Chapleau: Roger Fleury
Roger J. Fleury has Bachelor of Arts, Bachelor of Social Science, and Master of Education degrees from the University of Ottawa, and is a retired teacher of history and economics. He served on the board of the Pavillon du Parc, a centre for severely disabled children located in Aylmer, until its administration was taken over by the Quebec government in the 1990s; one of Fleury's own children is severely disabled.

He has been a Green Party candidate in two elections and also ran for mayor of Gatineau in 2009. Sixty-six years old during the municipal campaign, he was president of the Coalition for Rapid Transit in the Outaouais and called for a light rail network to replace the city's planned Rapibus transitway. He also proposed a new Gatineau city square that would combine a football stadium, soccer pitch, and amphitheatre.

Orford: Louis Hamel
Louis Hamel is a businessperson who served on the city council of Deauville before it was amalgamated into Sherbrooke. He has been a Green Party candidate in two provincial elections. In the 2007 election, he spoke against the provincial government's sale of a part of the Mont-Orford National Park. He was forty-eight years old in 2008.

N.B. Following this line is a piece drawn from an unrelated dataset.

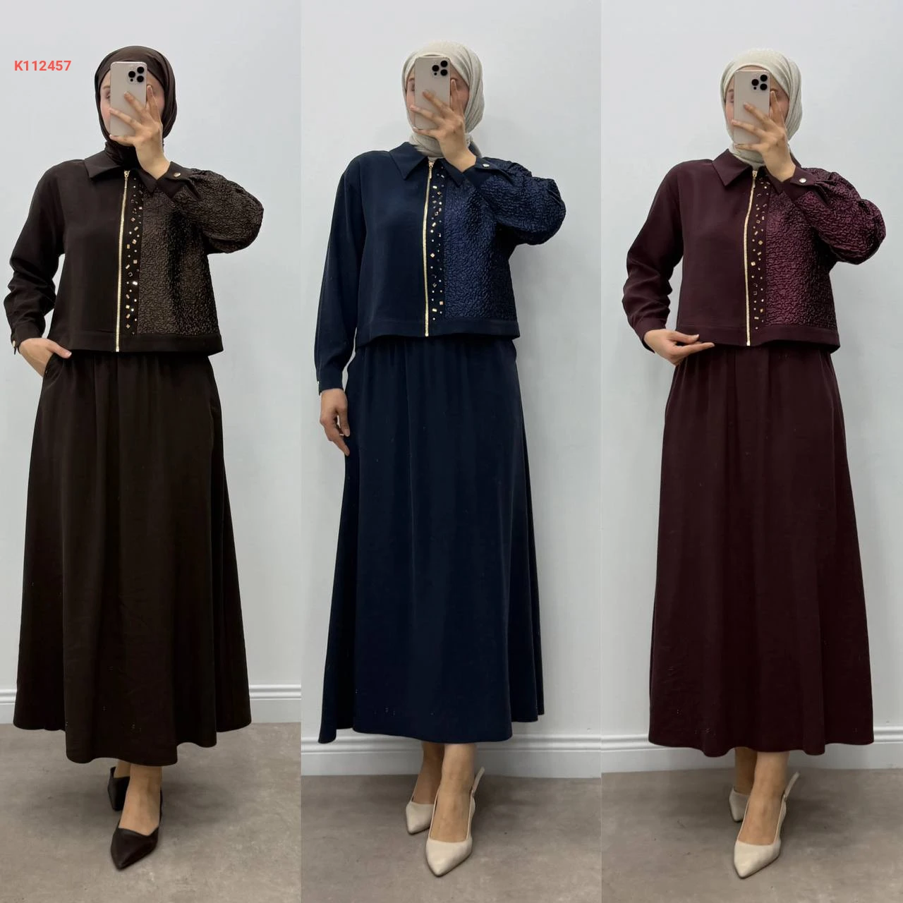 طقم تنورة قطعتين بسحاب مزين بالأحجار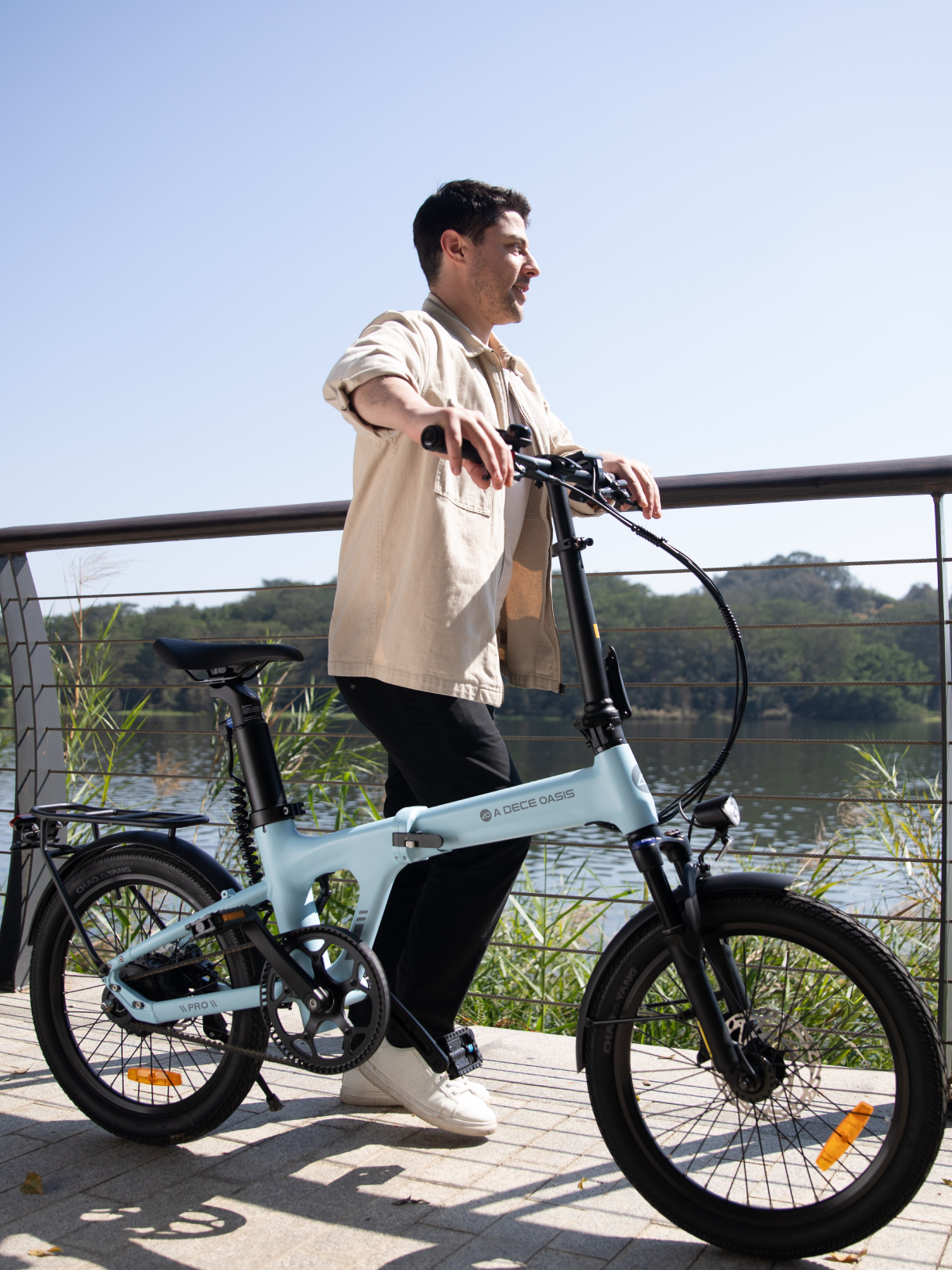 AIR20 PROは、ロック可能なフロントサスペンションシステムを備えており、異なる道路状況でも快適なライディング体験を提供します。でこぼこした山道でも、平坦な都市の道路でも、フロントサスペンションのロック装置を簡単に調整するだけです。例えば、平坦な道路ではフロントサスペンションをロックすると、ライディングの効率が向上します。複雑な地形ではサスペンションを解放し、スムーズな乗り心地をお楽しみください。

Richelieu: Patrick Lamothe
Patrick Lamothe was born and raised in Sorel-Tracy, Quebec. He was twenty-two years old at the time of the election and was completing a Bachelor's Degree in teaching secondary social studies at the Université du Québec à Montréal. He called for measures that would stop the exodus of young people from the Sorel-Tracy area. He received 693 votes (2.81%), finishing fifth against Parti Québécois incumbent Sylvain Simard.